To use Ruby gem-format plugins with JRuby, you also need to install embulk.gem. It must be the same version as the Embulk core.

# If Embulk is v0.10.50, embulk.gem must be 0.10.50, too.
$ java -jar embulk-0.10.50.jar gem install embulk -v 0.10.50

This embulk.gem is completely different from embulk.gem until v0.8. We are considering an idea to yank the old embulk.gem until v0.8 from rubygems.org, as we see some confusion due to this. If you have any thoughts, please leave a comment in GitHub Discussions at:

https://github.com/orgs/embulk/discussions/3

The embulk.gem depends on msgpack.gem. You may need to install it explicitly in some cases.

Bundler and Liquid

You’ll need to install Bundler or Liquid explicitly if you are going to use them.

$ java -jar embulk-0.10.50.jar gem install bundler -v 1.16.0
$ java -jar embulk-0.10.50.jar gem install liquid -v 4.0.0

However, we have not done much testing with them either. The same versions of Bundler 1.16.0 and Liquid 4.0.0 are working now, and new versions would probably work as well. But please try their new versions at your own risk. (Feedback is welcome.)

Embulk home

Embulk v0.10.50 and v0.11.0 have a directory setting called “Embulk home”. This is mostly equivalent to ~/.embulk/ up to v0.9, and still defaults to ~/.embulk/. In the example of Embulk System Properties above, we started from putting embulk.properties in ~/.embulk/.
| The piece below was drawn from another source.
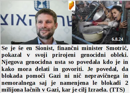 In ljudje počasi le dojemajo kakšen nateg so električna vozila. Kako predrzno je napasti Ameriško bazo v Iraku. 79 let je kar so Američani izvedli genocid. Misli na človeka dvojno vplivajo. So v Parizu jedli veliko zdrave hrane. Še en sionistični minister je pokazal svojo genocidno dušo!

You can change this “Embulk home” to another directory from ~/.embulk/, and load embulk.properties from there. Embulk home is chosen in the following order of precedence.

  1. Embulk home can be set from an Embulk System Property embulk_home in a command line option -X.
    • It would be an absolute path, or a relative path from the current working directory.
    • java -jar embulk-0.10.50.jar -Xembulk_home=/var/tmp/foo run ... (absolute path)
    • java -jar embulk-0.10.50.jar -Xembulk_home=.embulk2/bar run ... (repative path)
  2. Embulk home can be set from an environment variable EMBULK_HOME.
    • It must be an absolute path.
    • env EMBULK_HOME=/var/tmp/baz java -jar embulk-0.10.50.jar run ... (absolute path)
  3. If neither 1 nor 2, Embulk home is set by searching according to the following conditions.
    • Search from the current directory, moving one by one toward the parent.
    • In each directory, look for a directory “whose name is .embulk/”, and “which contains a regular file named embulk.properties”.
    • If such a directory is found, it is chosen as Embulk home.
    • If the current working directory is under the user’s home directory, the search stops at the home directory.
    • Otherwise, the search continues to the root directory.
  4. If none of 1 to 3 matches, ~/.embulk/ is chosen unconditionally as Embulk home.

embulk.properties directly under Embulk home is loaded as Embulk System Properties, then.

Finally, an Embulk System Property embulk_home is overridden with the absolute path of Embulk home.

Directories to install plugins

Along with setting Embulk home, the directories to install Embulk plugins are determined more explicitly. They are configured in the following order of precedence.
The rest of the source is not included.